Brasil aumenta exportações de carnes para a China

As exportações de carne de frango do Brasil para a China nos primeiros 11 meses de 2016 aumentaram 63 por cento, quando comparadas com o mesmo período de 2015, de acordo com a Associação Brasileira de Proteína Animal. Segundo dados desta associação, a China importou 451 mil toneladas de carne de frango e é já o segundo maior importador, depois da Arábia Saudita. As exportações de carne de frango para Hong Kong até Novembro de 2016 cresceram seis por cento e atingiram 228 mil toneladas. Previsões apontam que as exportações globais de carne de frango do Brasil em 2016 sejam de cerca de 4,39 milhões de toneladas.

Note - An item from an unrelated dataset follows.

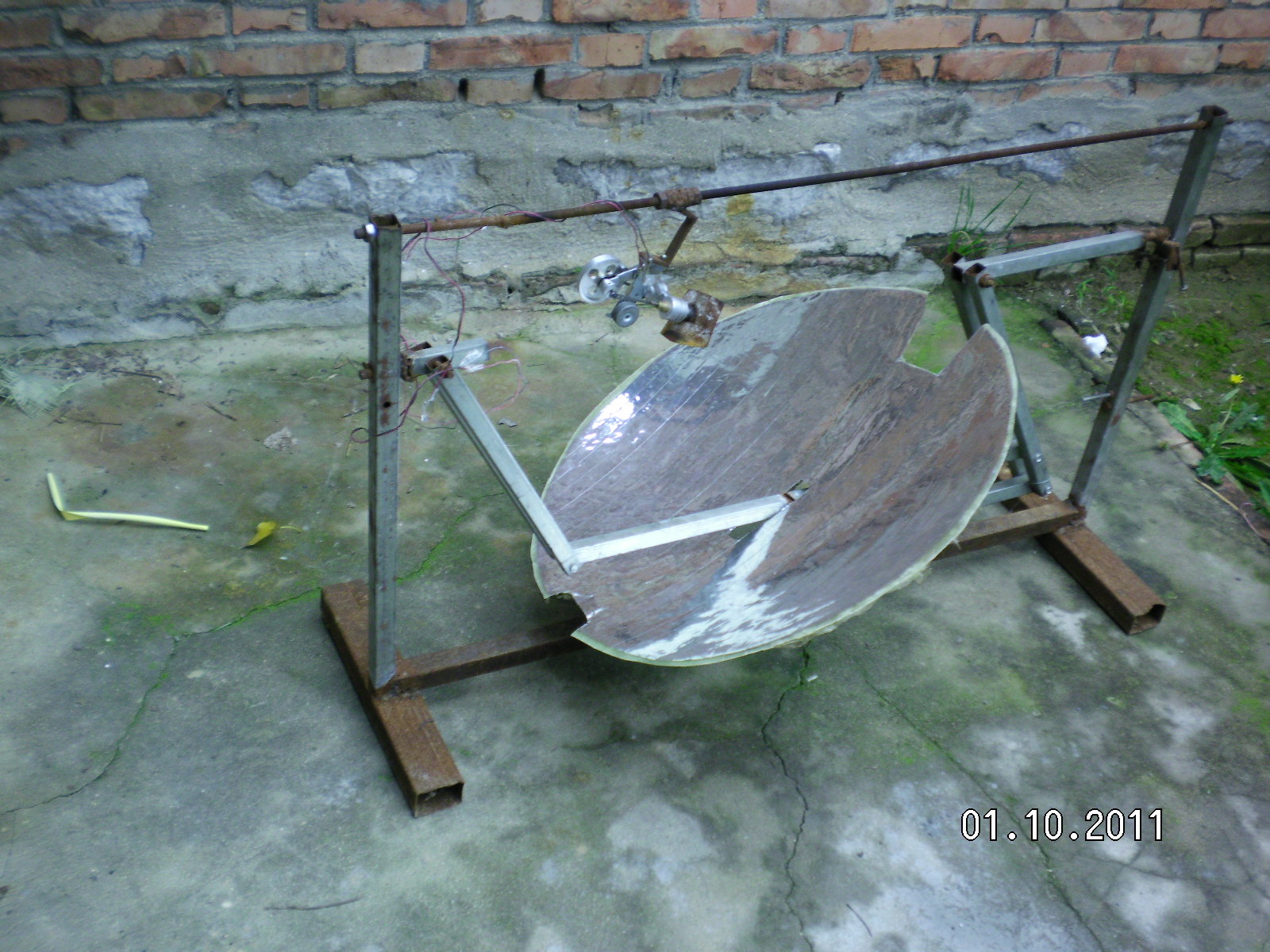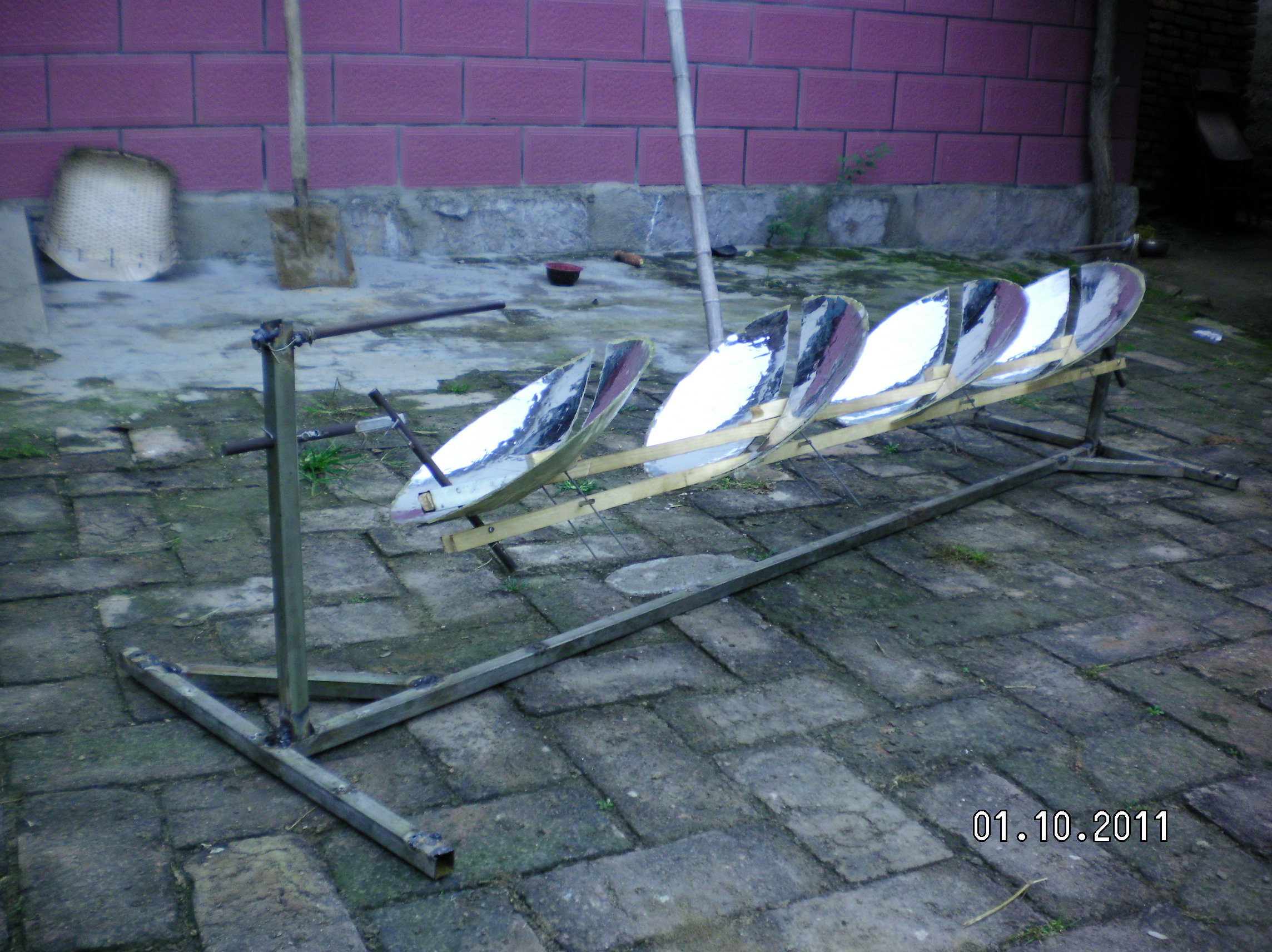 隨著全球環(huán)境惡化和日益嚴(yán)峻的能源形勢(shì)世界各國(guó)對(duì)太陽(yáng)能熱發(fā)電越來越重視。現(xiàn)在最常用的太陽(yáng)能熱發(fā)電系統(tǒng)主要有槽式、蝶式和塔式,槽式和蝶式的光熱部件必須隨聚光鏡做相應(yīng)的運(yùn)動(dòng),槽式各個(gè)光熱部件復(fù)雜昂貴,蝶式光熱部分只能單獨(dú)使用塔式的受熱部分出現(xiàn)故障很難維修這三種系統(tǒng)都有自己的缺點(diǎn)?;诖宋以O(shè)計(jì)了平行定焦太陽(yáng)能聚光集熱發(fā)電系統(tǒng):主要有一對(duì)支柱.一對(duì)轉(zhuǎn)軸.一對(duì)動(dòng)臂.旋轉(zhuǎn)拋物面聚光鏡.一根托桿.一根平行桿.平行連桿組成將兩支柱固定在一條直線上,兩轉(zhuǎn)軸安裝在兩支柱上兩轉(zhuǎn)軸可以左右轉(zhuǎn)動(dòng),兩動(dòng)臂安裝在兩轉(zhuǎn)軸上使可以隨轉(zhuǎn)軸左右前后擺動(dòng)。托桿安裝在兩動(dòng)臂上,平行桿與托桿平行安裝在兩動(dòng)臂上,這樣動(dòng)臂.托桿.平行桿構(gòu)成一個(gè)平行凹框。在旋轉(zhuǎn)拋物面鏡原點(diǎn)安一橫軸并切去部分旋轉(zhuǎn)拋物面鏡,在橫軸兩端垂直安裝兩根平行連桿,把旋轉(zhuǎn)拋物面鏡的橫軸安裝在托桿上。在平行桿上安裝連桿軸把平行連桿與連桿軸連接在一起。所述旋轉(zhuǎn)拋物面鏡的焦距等于托桿與轉(zhuǎn)軸之間動(dòng)臂的長(zhǎng)度。將動(dòng)臂對(duì)準(zhǔn)太陽(yáng)陽(yáng)光就會(huì)聚焦到固定點(diǎn)上在這些位置安裝光熱部件就會(huì)得到熱能用于熱發(fā)電。這種結(jié)構(gòu)是雙軸定焦所以效率很高,抗風(fēng)性好。這種結(jié)構(gòu)可以做成很小裝在高在15-20cm的透明罩內(nèi)安裝在樓頂或樓房南墻上,為人們提供開水或蒸汽。請(qǐng)看模型照片:

Já no que diz respeito às exportações de carne suína, o Brasil enviou para a China entre Janeiro e Novembro 82,1 mil toneladas, representando uma subida de 1952 por cento, ao passo que as exportações para Hong Kong atingiram 152,8 mil toneladas, mais 39 por cento.

 

Dongguan com novo centro de apoio para empresários brasileiros e chineses

A Câmara de Comércio Brasil-China vai abrir já este ano em Dongguan, na Província de Guangdong, um edifício onde vão funcionar serviços destinados a apoiar as relações comerciais e económicas entre os dois países. Em Dongguan, com uma população de cerca de oito milhões de habitantes, vive uma grande comunidade brasileira, ligada sobretudo à indústria do calçado e dos cabedais. O complexo envolve um investimento de 200 milhões de dólares norte-americanos, vai estar situado numa área de 35 hectares e possui 75 mil metros quadrados de construção. O centro vai reunir serviços de assessoria jurídica internacional e alfandegária, fornecedores de produtos e soluções logísticas e escritórios de representação de empresas brasileiras e chinesas. A primeira fase do projecto, onde deverão ficar instaladas 200 empresas, foi já inaugurada e contou com a presença de representantes dos governos estaduais de Mato Grosso do Sul, Mato Grosso, São Paulo, do Ministério do Turismo do Brasil, da cidade de Campinas e responsáveis governamentais chineses.